Tuesday, June 12, 2007

Friendships

When I began this journey, I had friends. Plenty of them. Some of them I was quite close to.

But none that went right to my soul like I have now.

Let me be sure to clarify here that I have a soulmate. My husband and I have been married for 25 years now and we are truly made for each other. Where I am mean, he is nice. Where I am silly he is serious, and where I am serious he is silly. It's pretty much an "us-against-the-world" kind of thing. (Some days it's "us-against-the-kids" too.)

Last spring I discovered another soul companion right under my very nose. My friend Lis, who my husband and I went to college with, connected with me in a new way via email. Lis was struggling with changes in her life and we began sharing. She came to see us here and we shared more things in a newer and deeper way. Probably the best way to describe my relationship with her is to say that she points me to God.

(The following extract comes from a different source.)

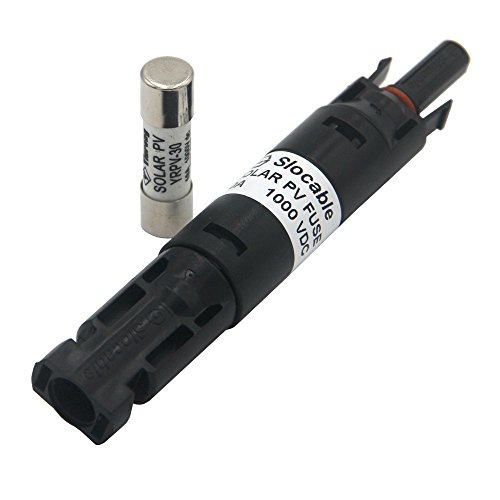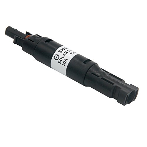 Size:20AThis product is a 20A fuse embedded in a waterproof fuse holder and features connector cables on each end. See image in photo gallery for technical specifications. This Connector compatible fuse holder + fuse is designed to provide over-current protection for solar arrays. The use of a fuse can protect your solar array from unnecessary damage from an over-current event. Specifications: 20A Solar In-Line Fuse Holder Waterproof w/ Fuse Rated Current: 20A Rated Voltage: 1000 V DC Fuse Can Replace Insulation Material: PPO Net Weight: 53g Dimensions: 4.8 x 0.8 x 0.8 In Test Voltage: 6000V (50Hz,1 min) Degree of Protection: IP2*/IP67 Contact Resistance of Plug Connector:1m Insertion Force / Withdrawal Force: 50N / 50N Contact Material: Copper, Silver Plated Connection type: adapter (it is very convenient) Operation Temperature range: -40 to +125 Cel. Degrees Package Included: 1 x Fuse Photovoltaic Connectors Safety tips Caution: Do not open this holder under LOAD For protection against electric shock, PV connectors must be isolated from the power supply while being assembled or disassembled. The end product must provide protection from electric shock. Unplugging under load: PV plug connections must not be unplugged while under load. They can be placed in a no load state by switching off the DC/AC converter or breaking the AC circuit interrupter. Plugging and unplugging while under voltage is permitted. Disconnected connectors should be protected from dirt and water with sealing caps.

As I began sharing more with Lis, I found in myself a new willingness to share more and love more with my other friends. Some of those relationships blossomed into deep, life-changing experiences. Much laughter, much agonizing, much excitement, some crying. All of it good, all of it precious.

I've lost a bit too. I've had a couple of people creep into my heart, only to break it. And I've no doubt broken a heart or two myself.

But all of this is to say that this time in my life is without a doubt the best I've had in my 46 years. And there are relationships here that I know will be with me for the rest of my life. We will grow old together and support each other through good times and bad times.